As you know, each year I follow the excellent initiative of my predecessor and read out the names of some of the fallen from this school. Mr Moule started this about 10 years ago; I have two opportunities annually to read them out alphabetically, in Chapel and in here; after 10 years we have only reached the letter P in the list of those OBs who fell in the First World War. Most people are understandably horrified by the youth of these men, many only a year or two older than you. However, yesterday in Chapel, I was also amazed at the sheer range of age. Brigadier-General Brian Phillpotts, for example, was 46 years old when he died in France in 1916, and Lieutenant-Colonel John Puckle was 47 years old when he drowned in 1917. They could have had sons fighting.

Today’s story involves Lieutenant-Colonel John McCrae, a Canadian doctor, who had served in the Boer War and then signed up for the First World War when he was also in his forties. He could have joined as an out and out medic, but in fact joined a fighting unit as a gunner and medical officer; he fought, most famously, in a region of Belgium called Flanders, and took part there in the Battle of Ypres. When I read the names of the fallen in a moment, you will hear that many OBs died along that stretch of land, alongside about a quarter of a million others, in just a couple of months. McRae, who had seen a lot of active service, described this awful Battle of Ypres as a nightmare to his mother in one of his letters home. He wrote that “for seventeen days and seventeen nights none of us have had our clothes off, nor our boots even, except occasionally. In all that time while I was awake, gunfire and rifle fire never ceased for sixty seconds… and behind it all was the constant background of the sights of the dead, the wounded, the maimed, and a terrible anxiety lest the line should give way.” That last bit, “a terrible anxiety lest the line should give way” shows quite what a patriotic and professional soldier he was. Amid all the carnage, he had a job to do.

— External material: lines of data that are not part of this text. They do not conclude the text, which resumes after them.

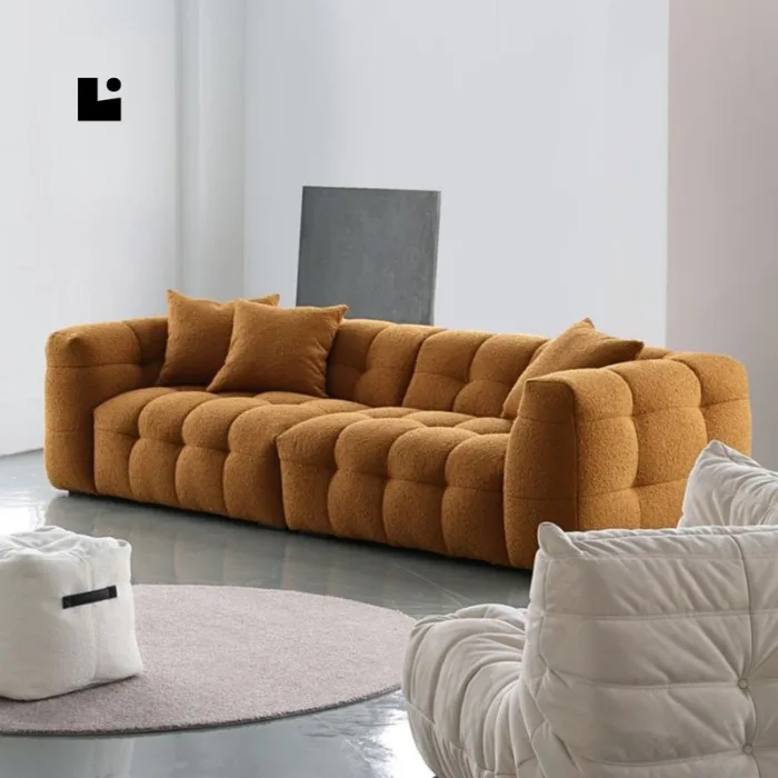 Marshmallow Sofa offers a luxurious blend of modern design and supreme comfort, making it a standout piece for any living space. Its unique grid-like tufting pattern creates a visually striking yet sophisticated aesthetic, ideal for contemporary or minimalist interiors. Crafted with high-density cushioning and wrapped in premium fabric, it ensures a plush seating experience. The modular design allows for versatility in arrangement, perfect for larger rooms or sectional setups. Accented with soft throw pillows, this sofa exudes both style and functionality, making it a perfect centerpiece for lounging or entertaining.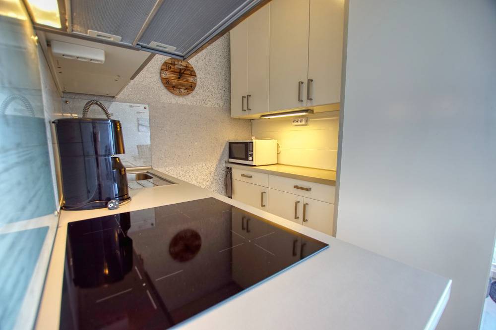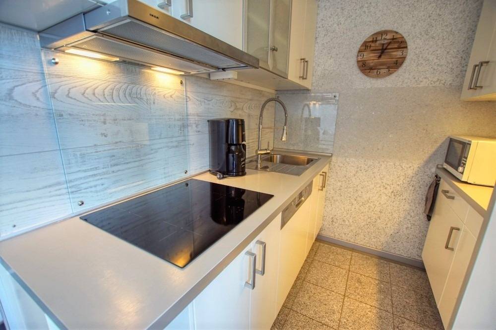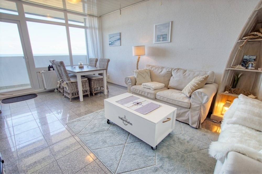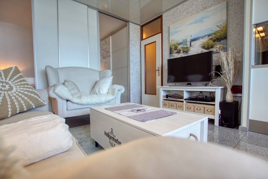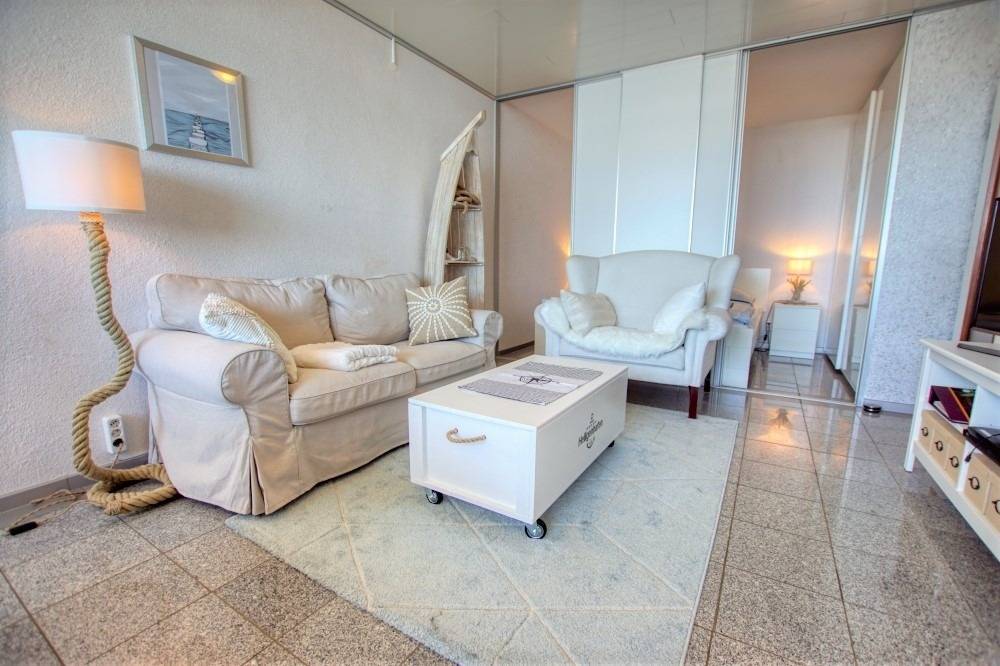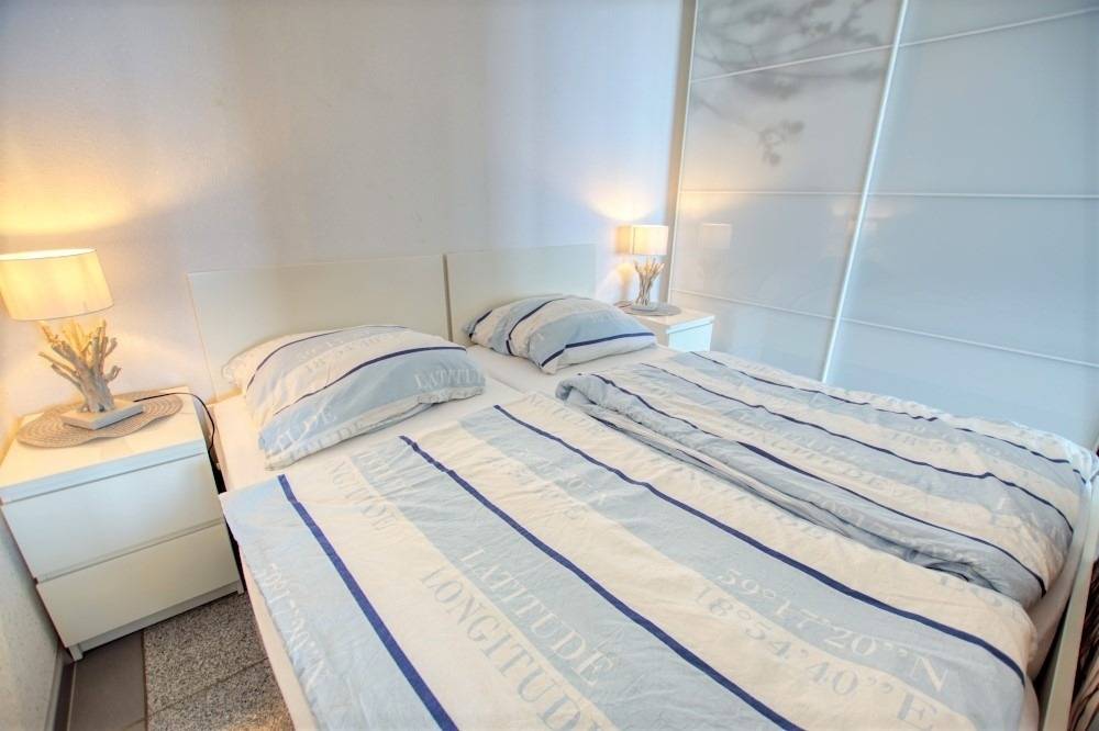 Stilvoll maritim eingerichtete Ferienwohnung im 9. OG von Haus C mit herrlichem Ostseeblick vom Balkon oder Esstisch. Ca. 45 m² für bis zu 3 Personen. Wohn-/Schlafbereich mit Doppelbett, Sofa, Sessel, Smart-TV. Separates Schlafzimmer mit Etagenbett. Voll ausgestattete Küche: Cerankochfeld, Backofen, Mikrowelle, Kühlschrank mit Gefrierfach, Geschirrspüler. Bad mit Duschkabine, WC, Handtuchtrockner. Balkon mit Panorama. Strand ca. 300 m, Fahrstuhl, Parkplatz, WLAN inklusive, Nichtraucherwohnung, keine Haustiere, abschließbare Fahrradräume.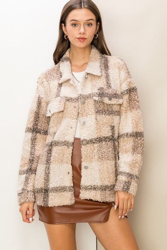 You'll Look Super Stylish With This Shacket! Soft Teddy Fur Construction With A Plaid Pattern Ups Its Chic Appeal And Shapes A Collared Neck, Long Sleeves And Buttoned Cuffs. The Button-Front Bodice Has Twin Front-Flap Pockets.

McCrae’s most famous contribution to the war, however, as many of you will know, came about through the unlikely medium of poetry, and in particular one poem that he wrote at the height of that awful battle of Ypres, just after he had buried one of his closest friends. I am going to read it to you, and I want you all to look it up this evening. It became one of the most famous poems of the war, and a national emblem of Canada, where it has, even recently, appeared on $10 notes. As I read it, I want you to notice that it falls into two distinct parts – the first seeks to line up the everyday beauty of life, of nature, against the brutality and finality of war. See the flowers; hear the birds. The second, perhaps disturbingly, calls his countrymen to join them in the battle; this is a call to arms, despite (or because of) the fact that it is a poem written from the perspective of the dead men – and particularly from the standpoint of his friend, whom McCrae has just buried. Here it is. It is only short.

 In Flanders fields the poppies grow
Between the crosses, row on row,
  That mark our place; and in the sky
  The larks, still bravely singing, fly
Scarce heard amid the guns below.

We are the Dead. Short days ago
We lived, felt dawn, saw sunset glow,
  Loved and were loved, and now we lie
      In Flanders fields.

Take up our quarrel with the foe:
To you from failing hands we throw
  The torch; be yours to hold it high.
  If ye break faith with us who die
We shall not sleep, though poppies grow
      In Flanders fields.

It is remarkable that McCrae wrote this in response to his friend’s death. War is awful, he seems to say, but get out here and do your bit – I do not want my friend’s death to be in vain. We had nice lives only recently – we loved and were loved – don’t break faith with us. This must be a battle worth fighting. Sure enough, this poem became a rallying cry for those back home; it was published shortly after it was written and it appeared on banners aiming to gather new recruits. It also signalled the start of our tradition of wearing poppies today – well done to you all for wearing one. For many years before McCrae’s poem, soldiers had noticed poppies growing in areas of war, and around the graves of their friends. Poppies apparently particularly like growing in soil with a heavy lime content and the churning of the land caused by massive shell explosions allows it to flourish. It was McCrae’s poem, however, which developed our tradition. They are still seen as symbols not only of remembrance, but also of hope, as they grow and flourish in the most terrible of circumstances – as in fact did the poem you have just heard and the hymn you are about to sing. 

McCrae died of pneumonia towards the end of the War. He had the great distinction of not only being forever remembered himself, but also inspiring an act of remembrance for all his friends and fellows forever more. Do make sure that you look him up later.